Quantitative continuous variables, i.e., body weights and food consumption, were analysed by Analysis of Variance with significant differences described by that treatment further studied by multiple comparison (Tukey’s or Scheffe’s, dependent upon ‘N’ values). Progeny body weight data were additionally studied using Analysis of Covariance (with the litter size as the covariate) and Dunnett's T-test. Reproductive data and neurotoxicologic data were analysed using Chi-square analysis and Fisher's Exact test. Unless indicated otherwise, all statistical analyses were interpreted using the untreated control for comparison. Differences were considered significant at the p<0.05 and p<0.01 confidence levels.

Clinical signs:

effects observed, treatment-related

Description (incidence and severity):

First parental generation: No noteworthy observations were seen for F0 animals pre-exposure. Clinical reactions, such as lacrimation, ataxia and irregular breathing, were noted for the 1000 ppm animals following the first 2 exposures. Starting with the third exposure, these animals appeared to acclimate to the test material and no consistent, recurring observations were noted post-exposure for the 1000 ppm animals through the remainder of the exposure period. No post-exposure reactions were seen for the 250 or 500 ppm animals.
Second parental generation: Observations recorded prior to exposure revealed 27/60 of the 1400 ppm animals had yellow/brown stained fur in comparison to 3/60 of the untreated control group. In addition, starting at week 30 of the F1 generation and continuing through termination, two sibling 1400 ppm males exhibited a staggering gait prior to test material exposure. Exposure of F1 parental animals to 1000/1400 ppm resulted in noteworthy pharmacotoxic reactions. The F1a progeny exposed to 1000 ppm (post-weaning, prior to the selection of the F1 parental animals and subsequent increase to 1400 ppm) exhibited clinical signs such as ataxia, lacrimation, irregular breathing, and urine soaked fur following treatment. After the increase to 1400 ppm, and continuing for approximately 3 months, these reactions (along with prostration in the first week of 1400 ppm exposure) continued to occur. Starting at week 16 of the F1 generation, the 1400 ppm animals appeared to adapt to treatment with lethargy being the predominant post-exposure reaction. No observations were noted postexposure during the final 3 weeks of the F1 generation. During the first 3 weeks of exposure, urine soaked fur was noted post-exposure for 3 to 37% of the animals exposed to 500 ppm cyclohexanone. No other noteworthy reactions were seen among the 500 ppm animals. No untoward reactions were seen for the F1 generation animals exposed to 250 ppm cyclohexanone.

Mortality:

mortality observed, treatment-related

Description (incidence):

First parental generation: During the first generation, no deaths occurred among the treated animals. Two untreated control females died prior to final sacrifice. One dam was sacrificed moribund and one dam was found dead following completion of their respective F1a litters.
Second parental generation: Six of the F1 generation animals exposed to 1400 ppm cyclohexanone died. Two males and 1 female died during the first week of exposure. One male died during the fifteenth week of the pre-mating period and one male died during the F2b mating trials. One of the males used for the post-exposure assessment of fertility was found dead on the scheduled day of sacrifice. A 250 ppm male was sacrificed moribund prior to the F2b mating trials; no other deaths occurred among the 250 and 500 ppm animals or the untreated control animals during the second generation.

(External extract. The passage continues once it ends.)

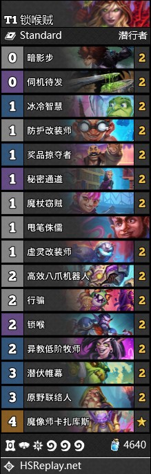 补丁前盗贼已经是环境顶端傲视群雄了,没想到万千玩家翘首以盼的补丁把其它职业削了一遍却把最强之一的盗贼给遗漏了。显而易见的后果是补丁后盗贼成为了无论比赛还是天梯上的首选。锁喉贼本身的定位是一套具有很高斩杀otk能力的节奏卡组,一些玩家只看见了它能打otk的能力却忽略了它很强的打节奏能力是需要深化理解的,如果类比之前版本的红龙贼,可能就好理解了,大概只是换了一种更简单的otk斩杀方式,本质上还是那套节奏卡组,八爪机器人和联络人才是精髓。锁喉贼正是因为具备塞布、八爪机器人、奖品掠夺者这些抢节奏能力极强的牌,使得它能在环境里显得万金油,在对阵中速卡组时不落下风,从而替代了绝对自闭的加基森鲨鱼套,又因为具备很高的斩杀otk能力且当前环境里几乎没有能反制的办法,压制的中速或者控制卡组出场率上不去,本身上限高、强度高、对绝大多数卡组优势且个别劣势对局劣势较小、操作空间大、对熟练度要求高,因此成为了一套适合上分且可玩性很高的卡组。
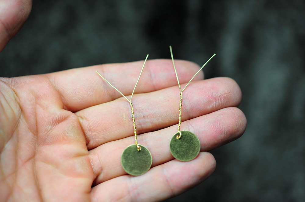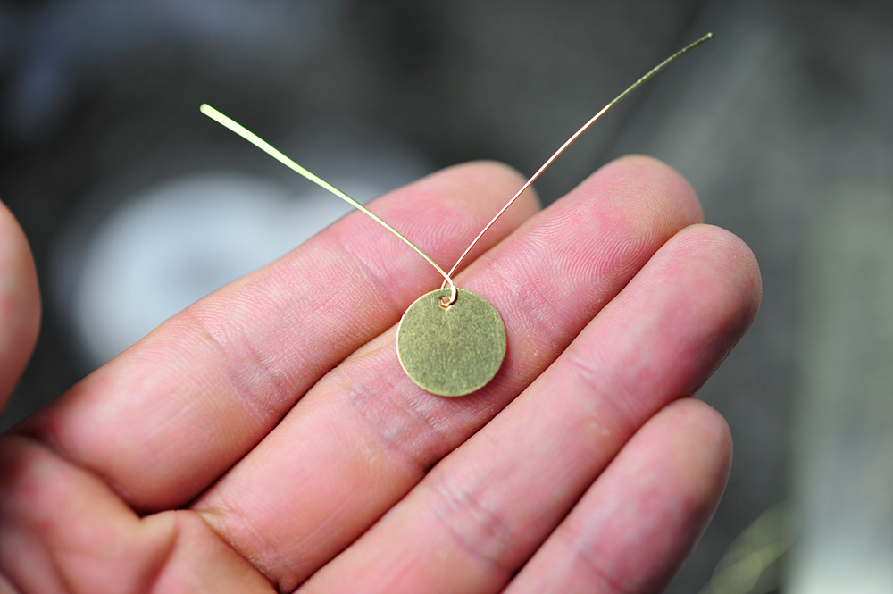 황동판 뒤로 나온 두개의 철사 가닥은 사진에서 보이는 것처럼 서로 반대방향으로 8자 형태로 말아주어 마감해 줍니다.

Body weight and weight changes:

effects observed, treatment-related

Description (incidence and severity):

First parental generation: Body weight data for the F0 parent animals exposed to the test material were comparable to the untreated control animals.
Second parental generation: Starting with the first week of exposure to 1400 ppm, statistically significant (p<0.01, p<0.05) weight depressions were noted for the 1400 ppm males when compared to the untreated control males. These depressions were seen at 29 of the subsequent 33 weeks of 1400 ppm exposure. Females from this exposure level weighed less (p<0.05) than the untreated control females during the week of exposure to 1000 ppm. Body weights for these females were reduced (p<0.01) at the first week of 1400 ppm exposure and these depressions (p<0.05) continued during weeks 3 and 4. Starting with the fourth week of 1400 ppm exposure through final sacrifice, no significant body weight differences were seen for the 1400 ppm females when compared to the untreated control females. During the first week of exposure, a significant weight depression (p<0.05) was seen for the 500 ppm males when compared to the untreated control males. All other body weight data obtained for the 250 and 500 ppm animals were similar to the untreated control animals. In addition, body weight data recorded for gestating and lactating dams were similar for the treated groups and the untreated control group during both generations.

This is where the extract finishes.